In the Mercolleida session on June 10, the Spanish price reached its highest absolute value in the last twenty years: 1.553 €/kg live. Since then, seven markets of cascading declines have gone by to situate the price at 1.291 €/kg, which represents a drop of almost 17%. We wrote just over a month ago that "pig prices must go down, keep going down, and continue to go down"; that, and that alone, is what is happening.
We also explained in our previous commentary that Spain could not maintain a differential of 39 cents per kg live over Germany without exporting to China. At this time the differential has been reduced, but it is still at 19 cents; too high to think that our price is where it should be.
Throughout the EU, there is little slaughtering, either because of structural contraction of the herd (Germany, Belgium, Netherlands) or because of the torrid weather that slows growth (Spain, France). In spite of low slaughtering, the demand for pork is so poor that there is still a surplus, the market is apathetic and in need of a positive stimulus to instill optimism.

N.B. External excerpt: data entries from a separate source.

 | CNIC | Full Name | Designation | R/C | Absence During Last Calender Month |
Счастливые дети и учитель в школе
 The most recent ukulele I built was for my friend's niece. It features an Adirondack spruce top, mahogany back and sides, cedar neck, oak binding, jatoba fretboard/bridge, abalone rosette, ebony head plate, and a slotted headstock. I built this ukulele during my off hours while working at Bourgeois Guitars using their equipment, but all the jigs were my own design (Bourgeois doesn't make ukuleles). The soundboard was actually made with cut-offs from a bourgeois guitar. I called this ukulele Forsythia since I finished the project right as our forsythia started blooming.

The recovery of self-sufficiency in China seems to be a fact. The news about floods in China that would have seriously affected its pork production is confusing and unclear. We think that, however serious the losses in some provinces may be, the impact on total Chinese production will be very limited and almost negligible, so China will remain very close to self-sufficiency.

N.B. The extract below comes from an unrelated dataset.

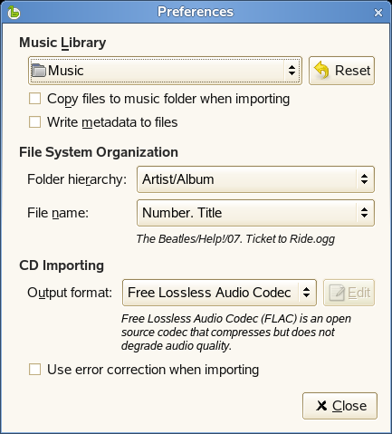 File System Organization: Lets you determine folder hierarchy in the music library and how filenames are displayed.
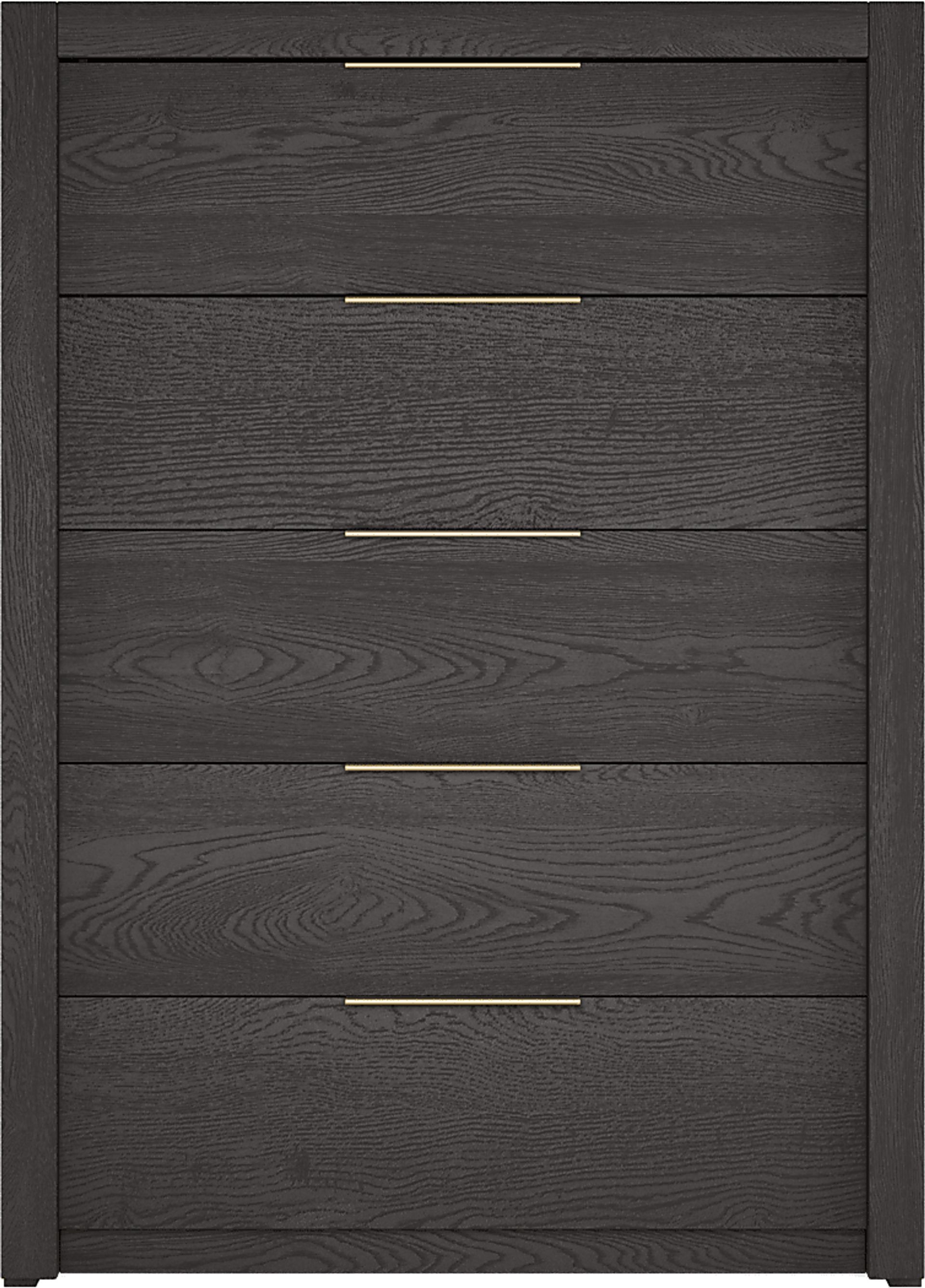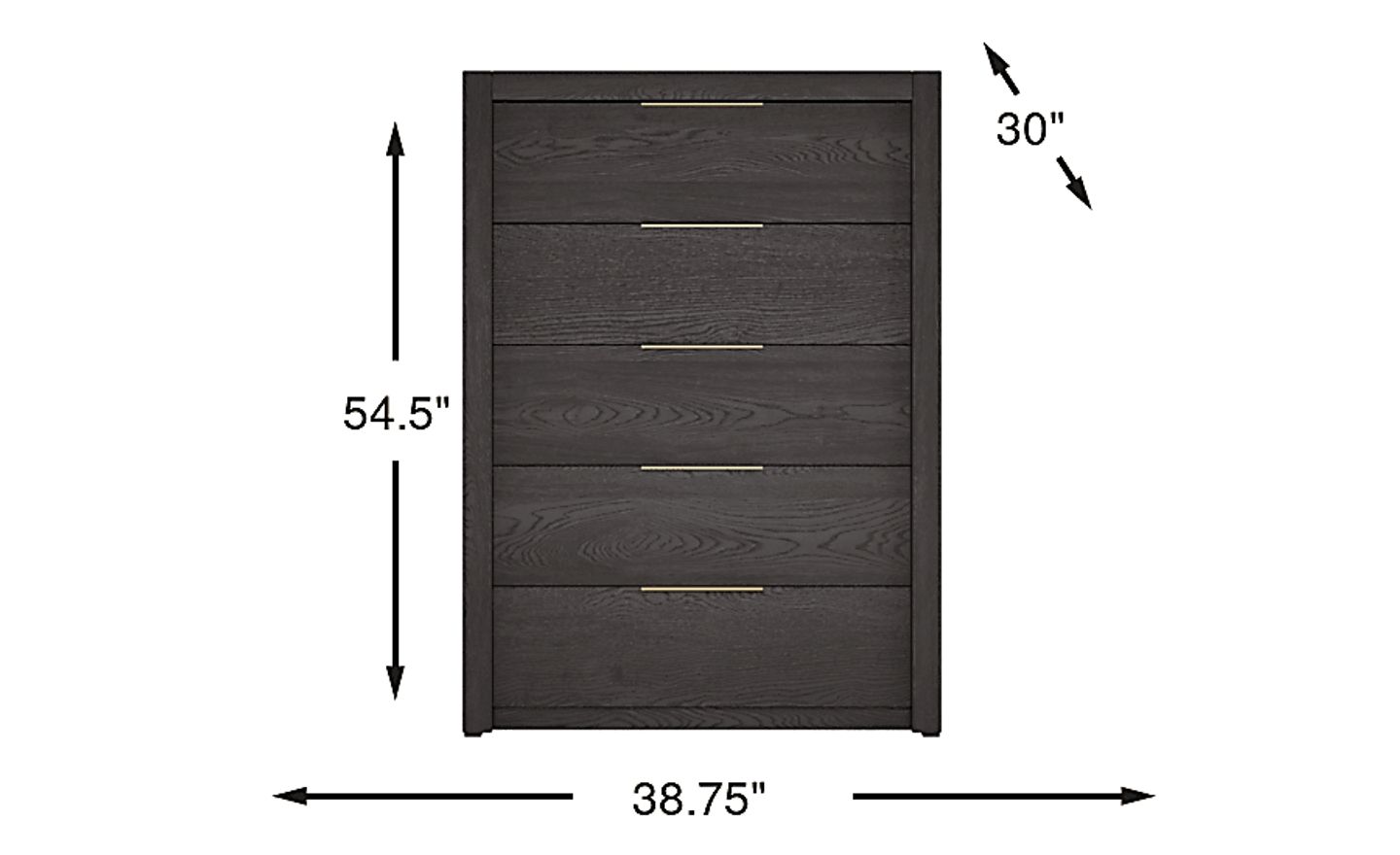Bringing a soothing ambiance with a touch of understated sophistication, the Easton Park chest's organic charm evokes tranquility and relaxation. Showcasing an espresso finish, this contemporary piece's five drawers are highlighted by chic gold bar pulls and include French dovetail construction, dustproof bottoms and full extension glides for support and longevity.

We think that the pig price will continue to fall for a few more weeks; and at the end of August there could be markets where the price stays the same, but when September arrives and the excessive heat is history already, the supply of pigs will be very abundant (nothing new, it happens every year) and the price will fall again.
At the moment, and circumstancially, the market has an oversupply of pork but it is quite close to its equilibrium; there is very little demand but slaughterings are very low. It is worth mentioning that the Spanish processing industry has maintained pork prices in spite of the latest reductions in the pig price: a very generous attitude towards the slaughterhouses.
We must remember that Spain has a self-sufficiency level for pork of 227% (in other words, it exports 56% of its production). This exposes us to the vicissitudes of international trade.
The sudden absence of sales to China for over two months now (China continues to buy, but at a very slow pace and at very low prices) has starkly demonstrated that the Achilles heel of our export activity in Spain lies in the excessive concentration in this market. Placing 36% of our total production in China every week for months was a risk that could have consequences; we are suffering these unpleasant consequences now.
Diversify is the verb that prevails. There is no alternative. Spain will continue to produce more than twice as much as we consume, so we must continue to export and compete in the global market. As complicated as it may be, we must find new markets and defend (or increase) the market shares achieved in the traditional destinations already familiar to us. From the European Union to Southeast Asia, without forgetting America, Eastern Europe, or the Australian continent. Our market - by choice - is the world, and there is no turning back now.
The current reality in the European single market (an area in which, fortunately, all players play by the same rules) tells us that there is too much pork. And no matter how much domestic consumption grows, without sales to China there will still be pork left over. This reality implies that pig prices must go down (it is an empirical reality similar to the effects of the law of gravity). The question is to know where the ground of the decline is; we do not know anyone who is informed about this fact.
There is a surplus of pigs in the EU. This means that restructuring will have to take place. Some of us believe that this restructuring is already underway and that the shift of the center of gravity of European pig production towards Spain is inexorable and unstoppable. All the statistics point in that direction, one only needs to read and study them.
If China does not help us and come to our aid, recovering part of its massive purchases, hard times are ahead for European pig farmers. The market needs a tangible stimulus (recovery of sales to China or European consumption reaching 110% of its traditional volume, or the appearance of a magical customer who will absorb all the surpluses) which, for the moment, is nowhere to be seen. In the absence of this stimulus, the market can only go down.
We will remain watchful of developments.
We end with a quote from Victor Hugo: "The future has many names: for the weak it is the unattainable, for the fearful it is the unknown, for the courageous it is opportunity".